Light waves with two different wavelengths, 632 nm and 474 nm, pass simultaneously through a single slit whose width is 7.63 x 10-5 m and strike a screen 1.30 m from the slit. Two diffraction patterns are formed on the screen. What is the distance (in cm) between the common center of the diffraction patterns and the first occurrence of the spot where a dark fringe from one pattern falls on top of a dark fringe from the other pattern?
Let’s use the condition of diffraction minimum for one split of the width b
b•sinα =k1•λ1
b•sinα =k2•λ2,
Since we have superposition of two maxima
b•sinα is the same for two wavelengths,
k1•λ1= k2•λ2,
λ1/λ2 = k1/k2, 632/474 = 4/3.
Therefore k1=4, k2=3.
Now
sinα = k1•λ1/b =4•632•10^-9/ 7.63•10^-5 =0.033.
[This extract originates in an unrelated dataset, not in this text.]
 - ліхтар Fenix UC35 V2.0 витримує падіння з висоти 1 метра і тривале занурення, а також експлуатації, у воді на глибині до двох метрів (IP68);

As the angle is very small tanα = sinα = 0.033.
tan α= x/L,
x =L• tanα =1.3•0.033 = 0.043 m = 4/3 cm
My mistake.
It should be
k1•λ1= k2•λ2,
λ1/λ2 = k2/k1, 632/474 = 4/3.
k1 =3 k2 = 4
sinα = k1•λ1/b =3•632•10^-9/ 7.63•10^-5 =0.0248
x=L• tanα =L• sinα =1.3•0.0248 =0.0323 m = 3.23 cm
To find the distance between the center of the diffraction patterns and the first occurrence of the spot where a dark fringe from one pattern falls on top of a dark fringe from the other pattern, we need to use the formula for the position of dark fringes in a single slit diffraction pattern.
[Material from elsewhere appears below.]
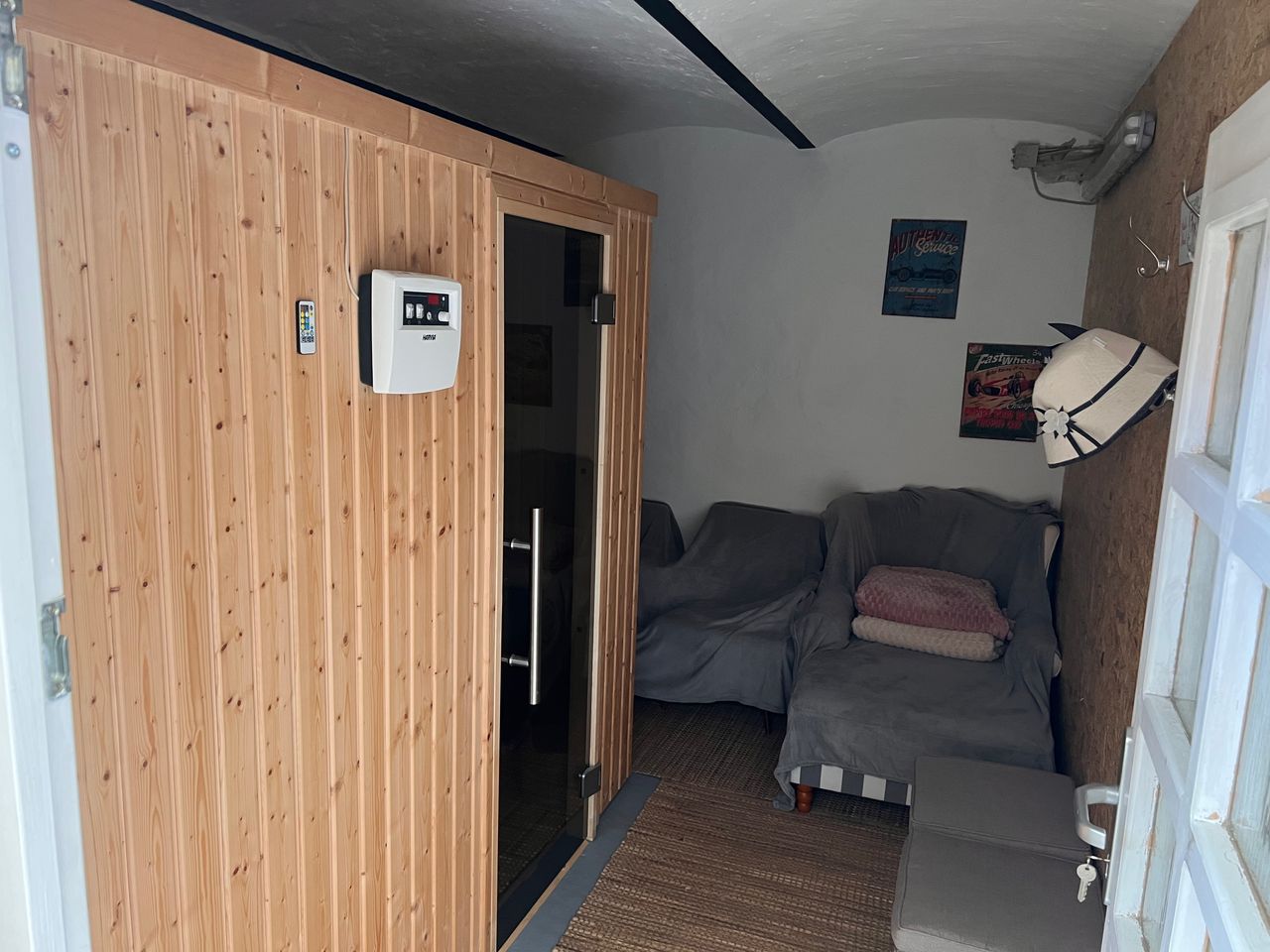 Im Nebengelass befindet sich eine Sauna und auf dem Hof ein Badefass.

The formula for the position of dark fringes in a single slit diffraction pattern is given by:
y = (m * λ * L) / d
Where:
- y is the distance from the center of the pattern to the m-th dark fringe
- m is the order of the dark fringe (m = 1, 2, 3, ...)
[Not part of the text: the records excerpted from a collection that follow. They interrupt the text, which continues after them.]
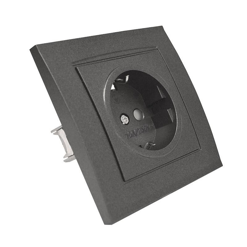 Розетка 1-м СП Бриллиант 16А IP20 с заземл. защ. шторки в сборе графит Universal 7947632-Gr Universal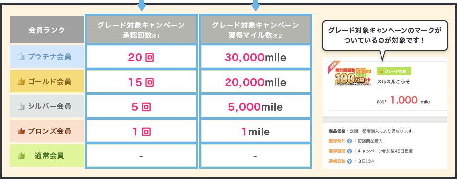 | ポイント有効期限 | 最後にmileを獲得してから半年 |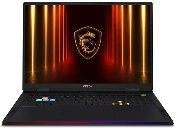 Laptop MSI z ekranem o przekątnej 18 cali i rozdzielczości 3840 x 2400 pikseli, wyposażony w procesor Intel Core Ultra 9-285HX o częstotliwości 2.1 - 5.5 GHz, pamięć RAM DDR5 o wielkości 64 GB. Dysk twardy SSD o pojemności 2 TB. Karta graficzna NVIDIA GeForce RTX 5090. Zainstalowany system operacyjny to Windows 11 Home.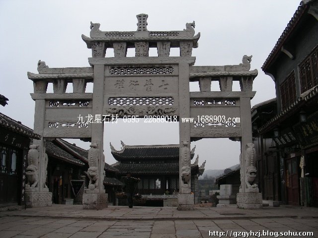 上網(wǎng)查閱了一下關(guān)于牌坊的資料:牌坊,是封建社會(huì)為表彰功勛、科第、德政以及忠孝節(jié)義所立的建筑物。牌坊就其建造意圖來(lái)說(shuō),可分為四類:一是功德牌坊,為某人記功記德。 二是貞潔道德牌坊,多表彰節(jié)婦烈女,三類是標(biāo)志科舉成就的,多為家族牌坊,為光宗耀祖之用。四類為標(biāo)志坊,多立于村鎮(zhèn)入口與街上,作為空間段落的分隔之用。
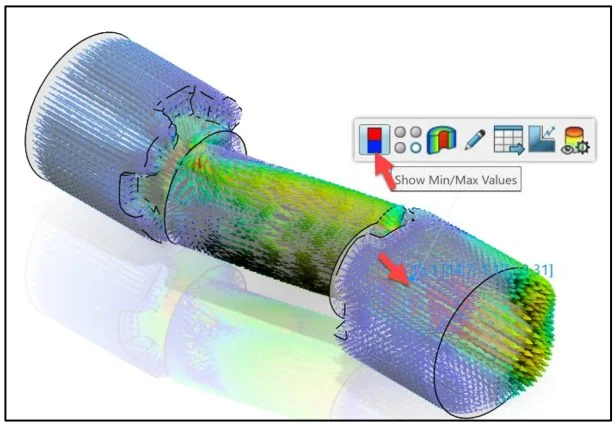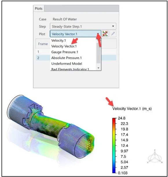 Click a point on the model as illustrated. View the Velocity Vector at that point. A Pop-up menu is displayed. Note: to deselect the displayed point, click in the Graphics area.

- λ is the wavelength of the light wave
- L is the distance from the slit to the screen
- d is the width of the slit
Let's calculate the position of the first dark fringe for each wavelength and then find the difference between them.
For the first wavelength, λ1 = 632 nm = 632 x 10^-9 m:
y1 = (1 * 632 x 10^-9 m * 1.30 m) / (7.63 x 10^-5 m)
y1 ≈ 8.320 cm
For the second wavelength, λ2 = 474 nm = 474 x 10^-9 m:
y2 = (1 * 474 x 10^-9 m * 1.30 m) / (7.63 x 10^-5 m)
y2 ≈ 5.624 cm
The difference between the positions is:
Δy = y1 - y2
Δy ≈ 8.320 cm - 5.624 cm
Δy ≈ 2.696 cm
Therefore, the distance between the common center of the diffraction patterns and the first occurrence of the spot where a dark fringe from one pattern falls on top of a dark fringe from the other pattern is approximately 2.696 cm.
To find the distance between the center of the diffraction patterns and the first occurrence of overlapping dark fringes, we need to determine the angular positions of the dark fringes for each wavelength and then calculate the distance using trigonometry.
First, let's determine the angular position of the dark fringes for each wavelength using the single slit diffraction formula:
θ = (λ / d) * sin(φ)
where:
θ is the angular position,
λ is the wavelength of light,
d is the width of the slit, and
φ is the order of the dark fringe.
For the first wavelength (632 nm):
θ1 = (632 x 10^-9 m / (7.63 x 10^-5 m)) * sin(φ)
For the second wavelength (474 nm):
θ2 = (474 x 10^-9 m / (7.63 x 10^-5 m)) * sin(φ)
The distance between the center of the diffraction patterns and the first occurrence of overlapping dark fringes (d) can be calculated using the tangent function:
d = tan(θ1) - tan(θ2)
Now, let's substitute the values into the equations:
θ1 = (632 x 10^-9 m / (7.63 x 10^-5 m)) * sin(1)
θ2 = (474 x 10^-9 m / (7.63 x 10^-5 m)) * sin(1)
d = tan(θ1) - tan(θ2)
Calculating the values:
θ1 = 0.08244 radians
θ2 = 0.06183 radians
d = tan(0.08244) - tan(0.06183)
d ≈ 0.0157 radians
Finally, we can convert the angle to centimeters by multiplying it by the distance to the screen (1.30 m):
distance (in cm) = d * 1.30 m * 100 cm/m
distance ≈ 2.04 cm
Therefore, the distance between the center of the diffraction patterns and the first occurrence of the spot where a dark fringe from one pattern falls on top of a dark fringe from the other pattern is approximately 2.04 cm.